I recommend you holding him even when he is spiked up. It is normal for the quills to be sorta sparse when he is in a ball. Especially if they are a little over weight. I recommend just holding him until he comes out. It may be uncomfortable but sort of snuggle them against your stomach and he will hopefuly fell less threatened and come out. Hope I helped.


----------



## gracefulchaos01 (Mar 19, 2014)

I agree with the above poster. Also, when we first got Sebastian one of the first things we did was to give her, him at the time, a bath. Within 48 hours of bringing her home she was a clean little hedgie. 
Hold the hedgehog until they unball. Don't squeeze or anything, just hold him/her against you until their natural curiosity gets the best of them and they start looking around. Keep a large-ish piece of fleece or hot pad nearby so you can pick them up, but while holding, it is best to do it with bare hands (in my own opinion). 
Maybe an inch or so of lukewarm water with oatmeal emollient in it will help with dry skin. I don't use soap on my hedgies, just oatmeal baths. It does the job. Once when we first got her I used a little olive oil in the water. It also does well, but i wouldn't use it regularly. More of an extra than a day to day thing. 
Expect the hedgie to poop in the water, it's kinda gross, but a perfectly natural reaction. 
I use a cup to get hedgies back quills wet and a toothbrush to brush the quills clean. The entire process takes about 2-3 minutes really. At least with my brood. They all hate the water so I try to be quick and thorough. 
Common advice says after the bath you should snuggle with hedgie in a towel for 45 min to an hour until they are fully dry. My kids won't allow that either so I dry their feet, tummies, and back as much as I can get and keep them in a warm room (80-85 degrees F) for 2-3 hours until I'm sure they are fully dry. 
Don't let hedgies grumpy attitude dissuade you from giving them the best care you can. Even my grumpiest boy will unball once he is in water if only to race to the side to try to escape the evil water monster. It's the perfect time to gently brush them down, clean their tiny feet and make sure they get some healing to their potentially dry skin. 
They really won't hate you forever when it is all said and done. Gentle hands, soft voices and as quick as possible is my motto.


----------



## gracefulchaos01 (Mar 19, 2014)

Also I would hold of on nail clipping (sorry, just thought about this) for a few days. for that you do need a comfortable hedgie. 
Common advice indicates that the best time to clip is right after bathtime. 
Personal experience for me actually indicates to clip nail right after I pull them out of the cage just when they are waking up. There is no struggle because they have no idea what is going on because they are still mostly asleep. At least the longest nails get clipped before they start to fuss about it.


----------



## wafflebandit (Mar 17, 2014)

I've had my hedgie for 3 days now, and her quills look like that. I'm pretty sure it's normal. Remember, they still have some baby quills at this point. You might notice that a few of them come out when you hold him. That's normal too. 

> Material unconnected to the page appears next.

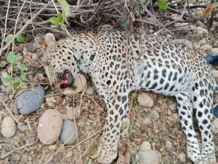 कैप्शन: संदिग्ध हालत में जंगल से बरामद मृत तेंदुआ।

Even though your baby is grumpy, you have to hold him. I could hold my baby on the first day and she was pretty chill. Do you have a t-shirt in the cage? That will help him get used to your smell, and then he should be relatively easy to pick up. You can use a t-shirt to pick him up, but it's really important that he gets to know your smell. 

Everything said about the baths is really good info. Oatmeal and olive oil are good for dry skin. Oatmeal will help him relax too. Also try some treats. That'll help him warm up to you.

As far as nails go though, I don't have any advice. My breeder clipped my baby's nails before I brought her home. Bottom line is, stick with it! You'll get stuck, but it'll pay off in the long run! Good luck!


----------



## nighstar (Mar 31, 2014)

thanks everyone for the input, i really appreciate it. 

i have been handling him thus far with a towel because while i can bear to hold him in his spikey little razor sharp ball bare handed, what i cant bear is his jumping while in that ball which repeatedly stabs me lol... there has, however, been slow improvement there, so i will keep aiming for bare hands.

i think i will try giving him a shallow bath tonight if i can get my hands on plain, non-instant oatmeal... not an easy thing here, sadly. i will hold off on the nail clipping for now.


----------



## nighstar (Mar 31, 2014)

nighstar said:


> i have been handling him thus far with a towel because while i can bear to hold him in his spikey little razor sharp ball bare handed, what i cant bear is his jumping while in that ball which repeatedly stabs me lol... there has, however, been slow improvement there, so i will keep aiming for bare hands.


sorry for the double post, but i just want to update! this morning he let me hold him bare handed! several times! for a long time! sooooo happy. ;( i may be able to even get a nail or two soon if i try hard enough.

i'll definitely be trying a bath tonight if i can get my hands on oatmeal... thanks again.


----------